[Data items]
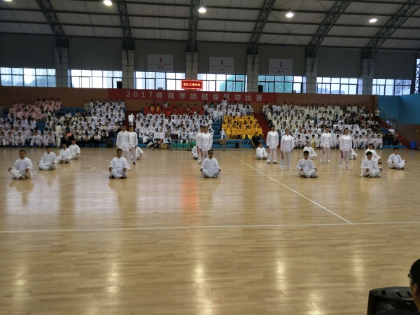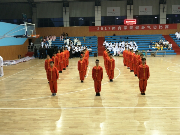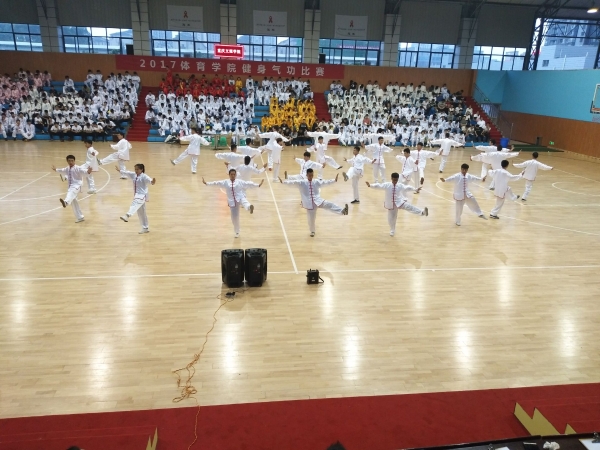 为深入贯彻落实国家大力推广全民健身的战略,进一步推动健身气功项目在高校的发展,提高健身热情、增强体质,扎实践行学校实践应用性培养目标,强化学生专业技能训练,今年会于21日下午18:00在红河A区篮球馆举办了“2017今年会健身气功”比赛,今年会党总支书记李旻、副书记袁高燕、副院长孔庆波出席开幕现场。今年会非毕业班全体学子以班级为单位参赛,共计26个参赛单位。开幕式由夏赟主持,比赛裁判由今年会武术技击类课程组专业教师担任。
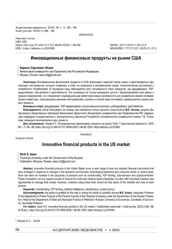 Исаев, К.С. Инновационные финансовые продукты на рынке США // Аудиторские ведомости. – 2025. – № 1. — С. 88-98. — Только в электронном виде. — <URL:http://elib.fa.ru/art2025/bv609.pdf>.
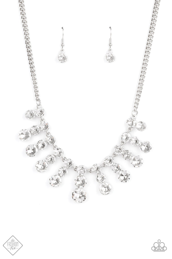 Glittery stacks of glassy white rhinestones gradually increase in size as they drip from the bottom of a classic silver chain, creating a blinding fringe that fans out below the collar. Features an adjustable clasp closure.
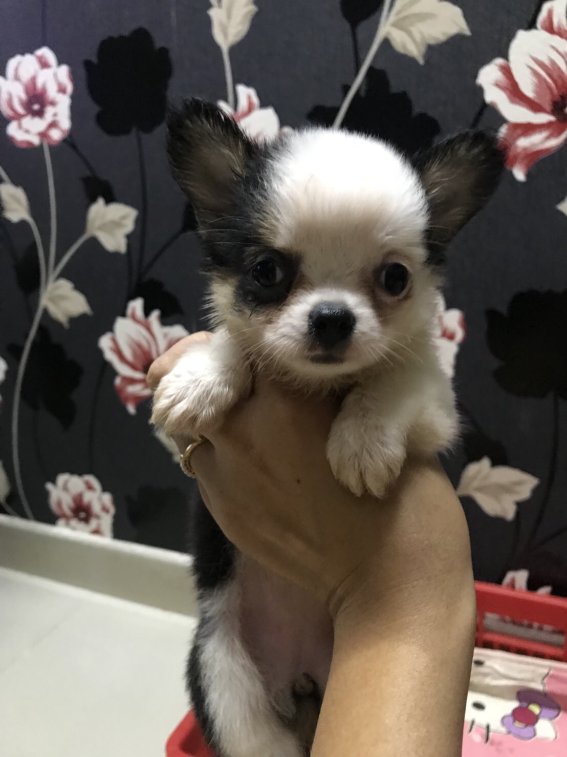 ขายชิวาวา ขนยาว เพศเมีย สีแบล็คแทนคอขาว ไซร์เล็ก หน้าสั้น อายุ 2 เดือน สวยใส น่ารัก รับประกันสุขภาพด
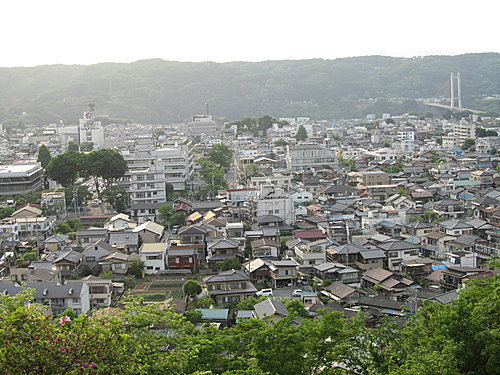 在高台上俯瞰秩父市的城市景觀,沒有高高的樓層大廈,清靜祥和的城市。
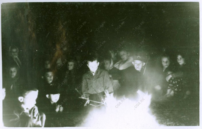 Беседы у костра. Пионерский лагерь Кустанайского обкома профсоюза медработников, 1956 год. Из фондов Центрального государственного архива Республики Казахстан
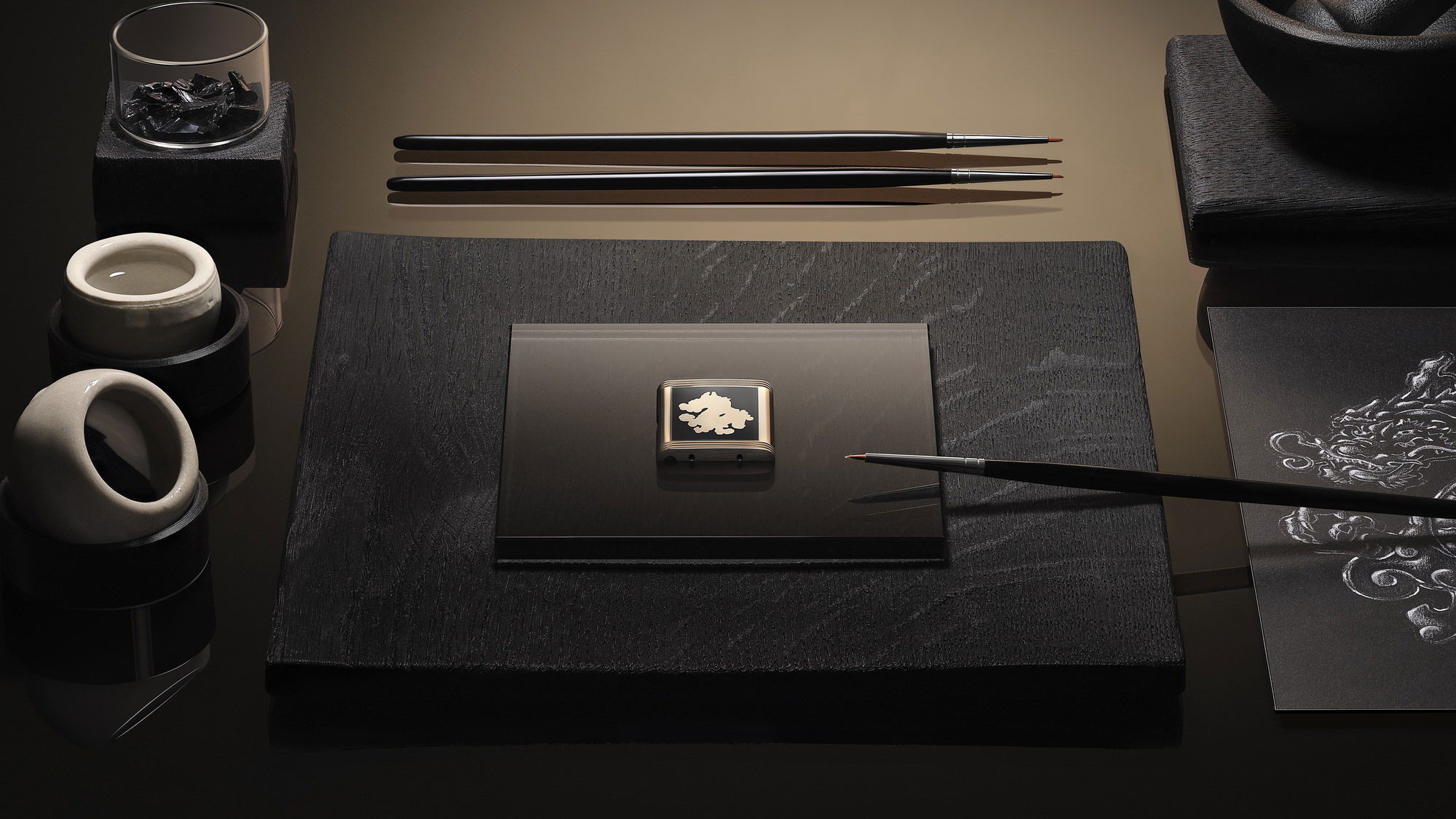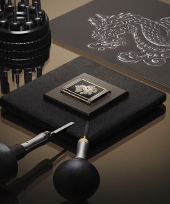 On the reverse side, a majestic dragon, engraved into pink gold and set against a glossy black Grand Feu enamel background, appears to leap out. This effect is enhanced by the detailed engraving, including the dragon’s polished and sandblasted textures. The technique of modelled engraving, requiring 80 hours of work, was employed here with exceptional precision, especially since the engraving began on an already enameled surface.
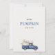 Boy's autumn foliage pumpkin truck baby shower invitation featuring a dark blue truck, white pumpkin and a hint of blue and autumn colors floral arrangements. This fall themed pumpkin truck boy's baby shower invitation is ideal for a boy's fall baby shower.
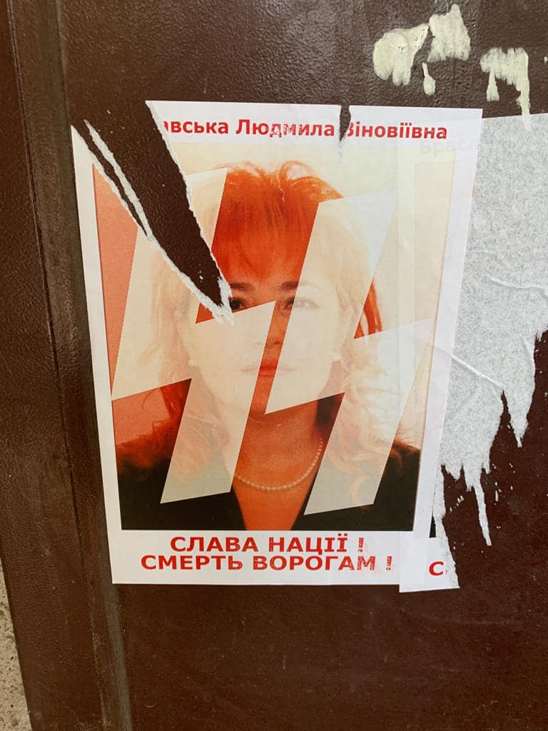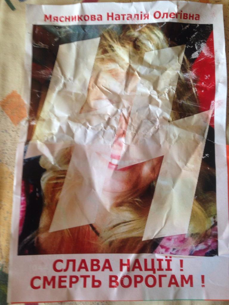 Дальше - больше. Ночью в подъезде и на двери истца Натальи Мясниковой развесили около 20 листовок с ее портретом, рунами СС и лозунгом "Слава нации, смерть врагам".
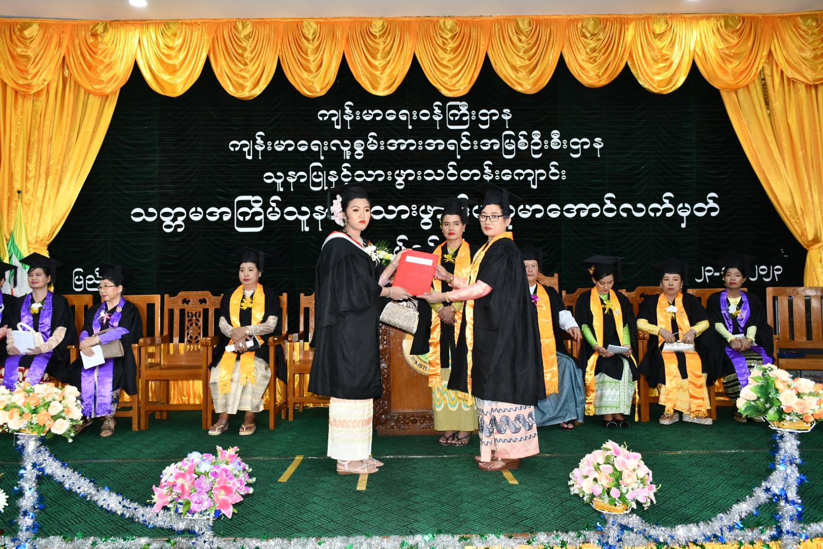 ထို့နောက် ဒီပလိုမာအောင်လက်မှတ်အပ်နှင်းပွဲ ဆက်လက်ကျင်းပရာ သူနာပြုနှင့်သားဖွားသင်တန်းကျောင်း (ပြည်)မှ ကျောင်းအုပ်ကြီး ဒေါ်စန်းစန်းဌေးက အဆိုပါသင်တန်းကျောင်း၏ အပတ်စဉ်(၂၆) သင်တန်းသား/သင်တန်းသူ ၁၂၂ ဦးအား ဒီပလိုမာအောင်လက်မှတ်များ အပ်နှင်းချီးမြှင့်ပြီး ယင်းအောင်လက်မှတ်အပ်နှင်းခြင်းကို အတည်ပြုကာ သင်တန်းဆင်း အမှာစကားပြောကြားခဲ့ကြောင်းနှင့် အခမ်းအနားသို့ သင်တန်းသား၊ သင်တန်းသူများ၏ မိဘ/ အုပ်ထိန်းသူ ဆွေမျိုးမိသားစုများလည်း တက်ရောက်ကြောင်း သိရသည်။
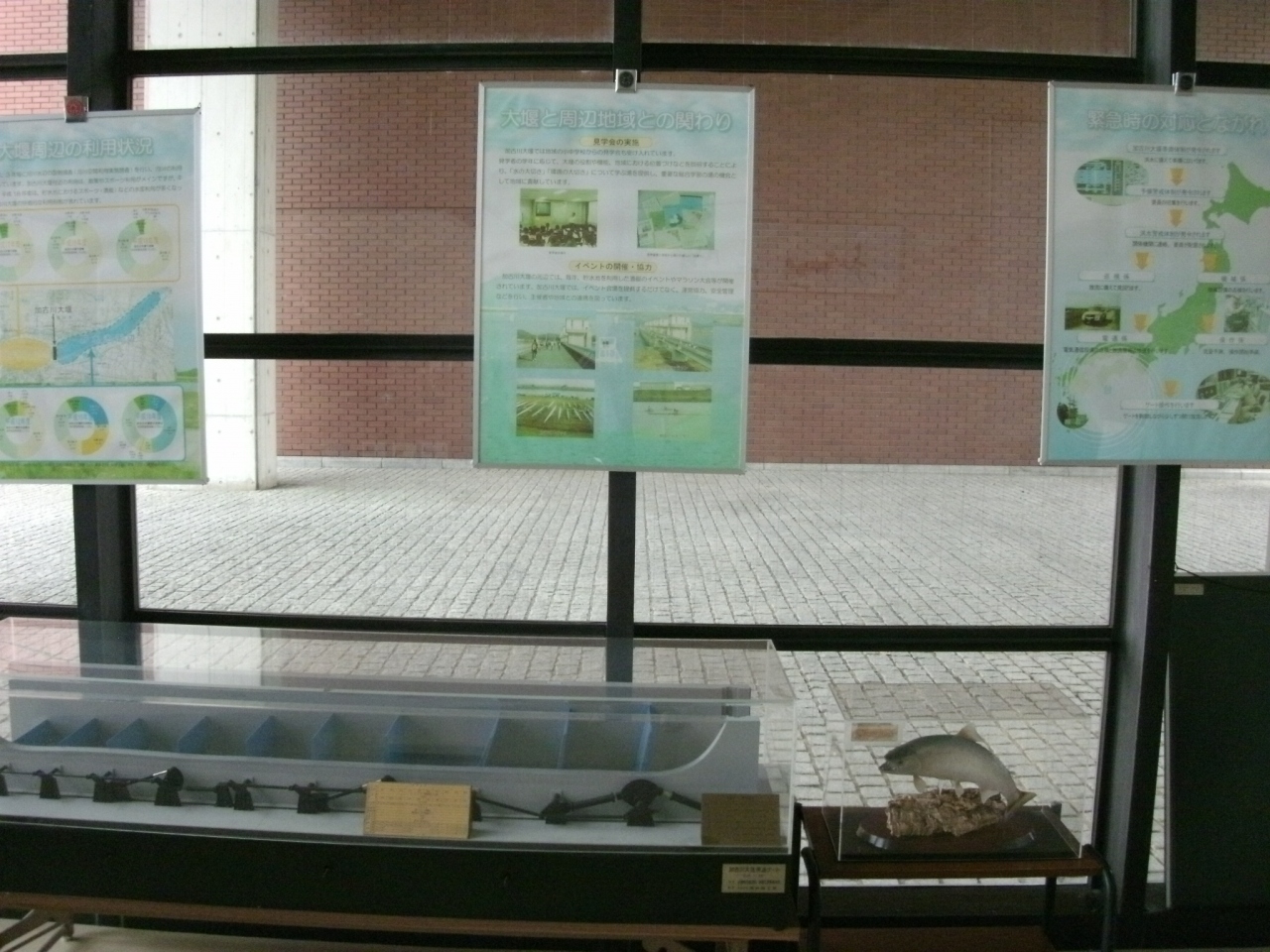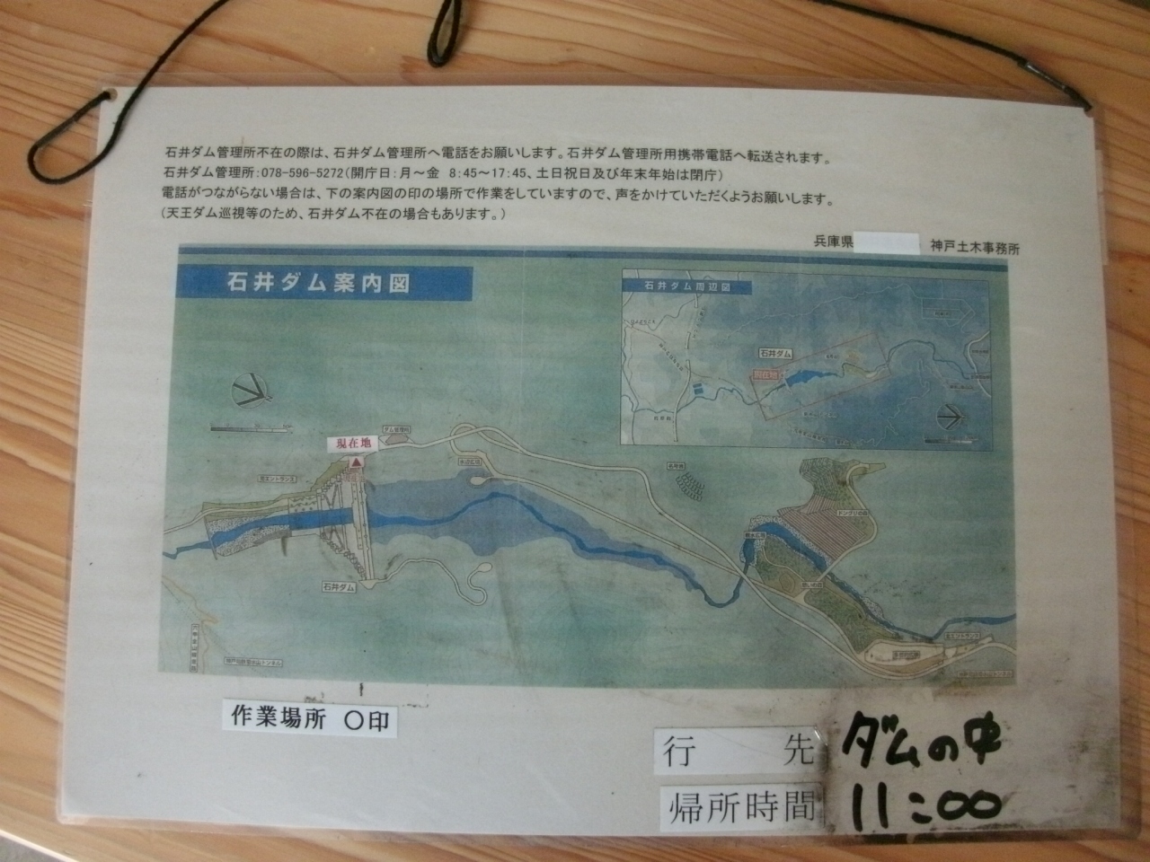 ダム右岸に立派な管理所があり、訪問した時は所員の方が巡回中で行き先と帰所時間が記された表示板(添付写真を参照下さい)が管理所入り口にあって、ダム周辺を観て回った後、帰所時間にお伺いしてダムカードとダムの仕様や構造などが記載された立派なパンフレットを頂くことができました。なお、管理所には、展示室があって、ダムの役割や周辺の自然について学ぶことができました。
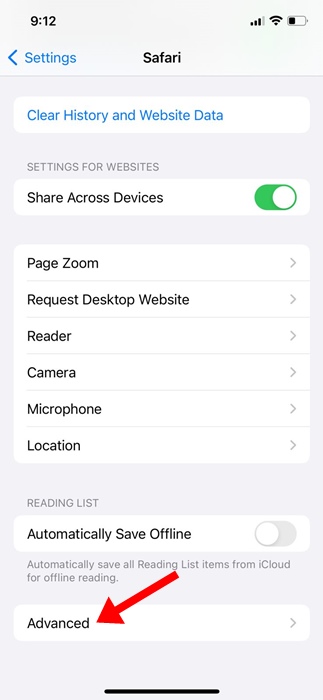 3.下にスクロールしてタップします高度な。
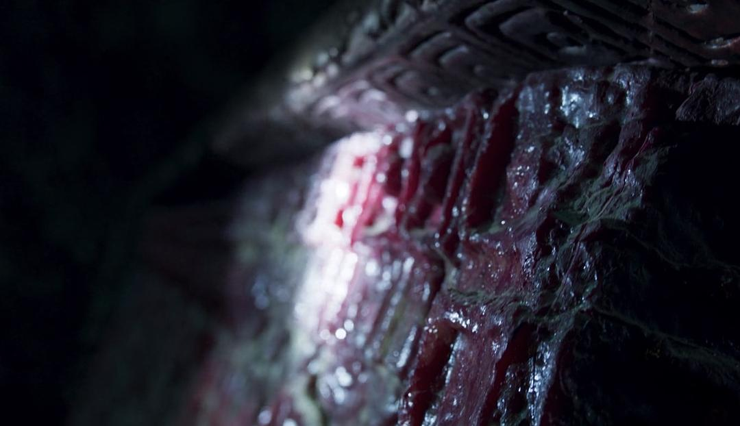 24.为防止化石树断裂,铁三角来到边上的石台,发现是人工修筑,是记载了祭祀仪式的祭台,记录了山神的样子,古人用23条的蟾蜍祭祀山神的仪式,山神躲在散发着黑气的洞穴中,蟾蜍被绑在16条的竹竿上靠近洞口,然后被吸干。山神庙中的山神、葫芦、蛤蟆在此串联起来,前后呼应。
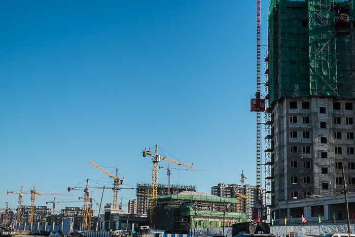 White and blue. Cirrus clouds on the horizon. Slowly the landscape becomes wider, the air clearer. A week with strong head winds and long cycling days through a completely over-exploited agricultural zone is behind us. We have crossed cities that looked as if cargo planes have dropped a few high-rise buildings, which are now waiting to be inhabited. The old Royal Palace in Shenyang, a lone witness of the past, surrounded by an explosion of concrete. Here, the China of tomorrow is growing. Inner Mongolia recorded the strongest economic growth of the whole of China in recent years. The driving force is the coal mining. The price: Destroyed pasture land, water shortage and social tensions. Black.

- **TASK ITEM**:
Write the entries above out again exactly, omitting each image.

- **EXERCISE SOLUTION**:
 为深入贯彻落实国家大力推广全民健身的战略,进一步推动健身气功项目在高校的发展,提高健身热情、增强体质,扎实践行学校实践应用性培养目标,强化学生专业技能训练,今年会于21日下午18:00在红河A区篮球馆举办了“2017今年会健身气功”比赛,今年会党总支书记李旻、副书记袁高燕、副院长孔庆波出席开幕现场。今年会非毕业班全体学子以班级为单位参赛,共计26个参赛单位。开幕式由夏赟主持,比赛裁判由今年会武术技击类课程组专业教师担任。
 Исаев, К.С. Инновационные финансовые продукты на рынке США // Аудиторские ведомости. – 2025. – № 1. — С. 88-98. — Только в электронном виде. — <URL:http://elib.fa.ru/art2025/bv609.pdf>.
 Glittery stacks of glassy white rhinestones gradually increase in size as they drip from the bottom of a classic silver chain, creating a blinding fringe that fans out below the collar. Features an adjustable clasp closure.
 ขายชิวาวา ขนยาว เพศเมีย สีแบล็คแทนคอขาว ไซร์เล็ก หน้าสั้น อายุ 2 เดือน สวยใส น่ารัก รับประกันสุขภาพด
 在高台上俯瞰秩父市的城市景觀,沒有高高的樓層大廈,清靜祥和的城市。
 Беседы у костра. Пионерский лагерь Кустанайского обкома профсоюза медработников, 1956 год. Из фондов Центрального государственного архива Республики Казахстан
 On the reverse side, a majestic dragon, engraved into pink gold and set against a glossy black Grand Feu enamel background, appears to leap out. This effect is enhanced by the detailed engraving, including the dragon’s polished and sandblasted textures. The technique of modelled engraving, requiring 80 hours of work, was employed here with exceptional precision, especially since the engraving began on an already enameled surface.
 Boy's autumn foliage pumpkin truck baby shower invitation featuring a dark blue truck, white pumpkin and a hint of blue and autumn colors floral arrangements. This fall themed pumpkin truck boy's baby shower invitation is ideal for a boy's fall baby shower.
 Дальше - больше. Ночью в подъезде и на двери истца Натальи Мясниковой развесили около 20 листовок с ее портретом, рунами СС и лозунгом "Слава нации, смерть врагам".
 ထို့နောက် ဒီပလိုမာအောင်လက်မှတ်အပ်နှင်းပွဲ ဆက်လက်ကျင်းပရာ သူနာပြုနှင့်သားဖွားသင်တန်းကျောင်း (ပြည်)မှ ကျောင်းအုပ်ကြီး ဒေါ်စန်းစန်းဌေးက အဆိုပါသင်တန်းကျောင်း၏ အပတ်စဉ်(၂၆) သင်တန်းသား/သင်တန်းသူ ၁၂၂ ဦးအား ဒီပလိုမာအောင်လက်မှတ်များ အပ်နှင်းချီးမြှင့်ပြီး ယင်းအောင်လက်မှတ်အပ်နှင်းခြင်းကို အတည်ပြုကာ သင်တန်းဆင်း အမှာစကားပြောကြားခဲ့ကြောင်းနှင့် အခမ်းအနားသို့ သင်တန်းသား၊ သင်တန်းသူများ၏ မိဘ/ အုပ်ထိန်းသူ ဆွေမျိုးမိသားစုများလည်း တက်ရောက်ကြောင်း သိရသည်။
 ダム右岸に立派な管理所があり、訪問した時は所員の方が巡回中で行き先と帰所時間が記された表示板(添付写真を参照下さい)が管理所入り口にあって、ダム周辺を観て回った後、帰所時間にお伺いしてダムカードとダムの仕様や構造などが記載された立派なパンフレットを頂くことができました。なお、管理所には、展示室があって、ダムの役割や周辺の自然について学ぶことができました。
 3.下にスクロールしてタップします高度な。
 24.为防止化石树断裂,铁三角来到边上的石台,发现是人工修筑,是记载了祭祀仪式的祭台,记录了山神的样子,古人用23条的蟾蜍祭祀山神的仪式,山神躲在散发着黑气的洞穴中,蟾蜍被绑在16条的竹竿上靠近洞口,然后被吸干。山神庙中的山神、葫芦、蛤蟆在此串联起来,前后呼应。
 White and blue. Cirrus clouds on the horizon. Slowly the landscape becomes wider, the air clearer. A week with strong head winds and long cycling days through a completely over-exploited agricultural zone is behind us. We have crossed cities that looked as if cargo planes have dropped a few high-rise buildings, which are now waiting to be inhabited. The old Royal Palace in Shenyang, a lone witness of the past, surrounded by an explosion of concrete. Here, the China of tomorrow is growing. Inner Mongolia recorded the strongest economic growth of the whole of China in recent years. The driving force is the coal mining. The price: Destroyed pasture land, water shortage and social tensions. Black.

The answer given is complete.